A life without sin – can you imagine that? Your mouth won’t sound like it was in the potty and your hands won’t feel filthy from bad things done to others. You’ll never even want to say or do bad things. You will be completely given over to doing good, to pleasing God, to loving all things. Hatred and doing sin will be the furthest things from your mind. That’s the life we’re preparing for. God wants you to want that life. So prepare for it, practice for it, do your homework on it. Remember: perfect practice makes perfect.

But what does that have to do with the body? You sin with your body. You do nothing apart from it. Your sins affect your body deeply. Sin is why we get sick. That is not to say that the illness you suffer is due to a sin. It is to say that sickness entered the world alongside death, and you know death entered the world because of sin. The life of sanctification is preparing you for a life without sin. Therefore it is preparing you for your body to be without sin throughout eternity.
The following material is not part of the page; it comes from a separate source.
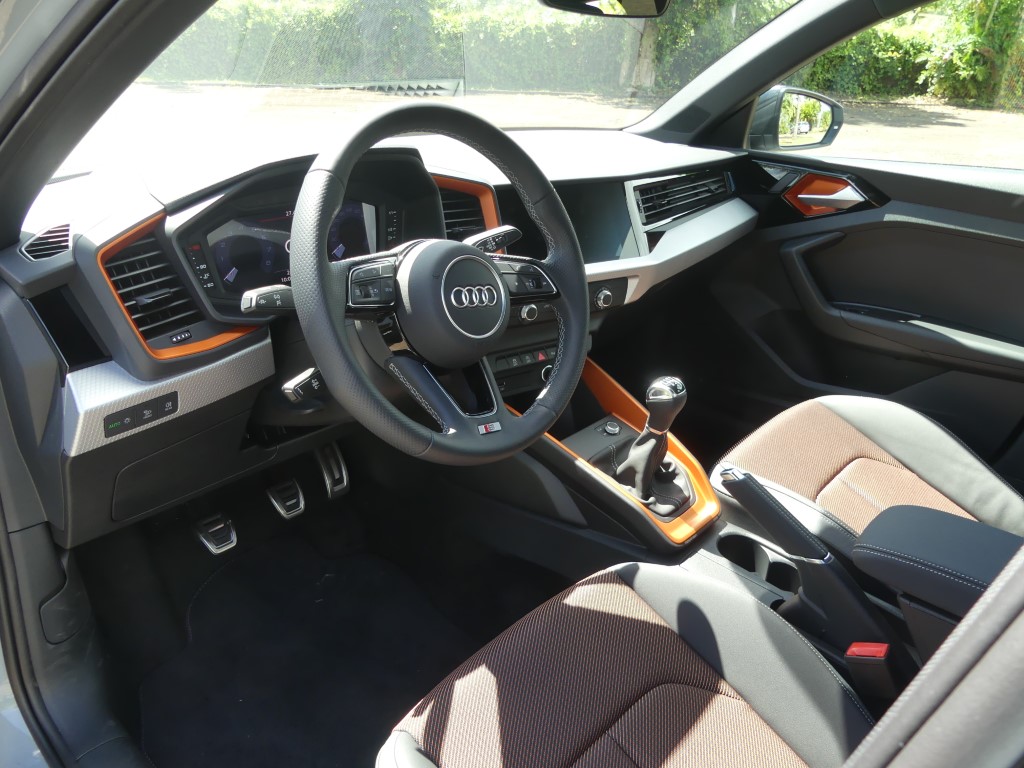 L’habitacle de l’Audi A1 Citycarver est très proche de celui de la version S Line. A l’image de la version la Sportback, la Citycarver peut voir son intérieur égayé par des packs de différentes couleurs (vert menthe, cuivre, orange, gris argenté).

He is preparing your body to live forever without sin. That’s resurrection talk. God didn’t made us to die. Death is not normal and natural. It is strange and foreign to humanity. We should not treat it as if it’s our goal or a great thing or just another part of life. It isn’t. It’s an enemy. For the Christian it is the release from this sinful world, but it is not the end. Our goal is the resurrection of the body. Our goal is the life everlasting. And on that day our bodies will be sinless. They will not be able to sin. They will not have any of the effects of sin. You won’t get sick or hurt. You’ll be healthier than you can imagine and better looking than the mirror will ever let you think now about yourself. What you shall be we cannot fully imagine here and now.

That’s why Jesus healed people. He didn’t just do it to be nice and friendly. He did it to show why He is come. He is come to save us. He is not just come to save us from sin. He can’t just save us from sin. If death is your punishment for sin, it has to disappear if He forgives sin. He came to free you from the bonds of sin and death. His ministry teaches us this. He teaches in both word and deed that He is going to rescue us from all the effects of sin.

This man in today’s Gospel certainly was affected. He couldn’t hear and could barely speak. We aren’t told why or if he was born that way, just that this was the way it was. So his loved ones brought him to Jesus. They wanted Jesus to just put His hand on him. Perhaps they didn’t ask for a healing, just a blessing, some sort of comfort that his suffering was not in vain. But they got everything they wanted. He was healed. He could speak correctly and he could hear. Jesus told him to be opened and he was.

Christ Jesus has said that word to you already. He has opened your ears to hear His Word and your lips to show forth His praise. He did that when you were baptized. So He will say “Be thou opened” to something else someday. He will say it to your grave. You can say it all day over your loved ones’ graves and nothing happens. He will say it on the last day and they will fly open and your loved ones and you will quickly join Him in the skies, alive and well, more alive and well than you and they have ever been. Jesus lives! and you shall too.

So, “Make haste, O God, to deliver me; make haste to help me, O Lord.” It is no mistake that the Church begins her daily prayers with these words. “Deliver me” – “Get me out of this sinful world and forgive me and ‘take me to that holy place, the home of joys supernal.’” “Help me” – “You alone give us the gift, the ability, to do You true and laudable service, so help me serve You faithfully in this life so I won’t be disqualified from receiving Your heavenly promises.” “Make haste” – “Lord God, keep Your promises; don’t leave me prey to evil!”

During this life God’s Holy Spirit is sanctifying us. He’s preparing us for the life to come, the life that will last forever that will never have any sin anywhere near it. Yes, your own body, your own flesh and blood will live forever without sin. You’ll never get sick, never get hurt, never die. So live for that die, the day of the resurrection of all flesh, the day our bodies will be purified. Prepare for it. Live like God’s children. Hear His Word. Proclaim His praise.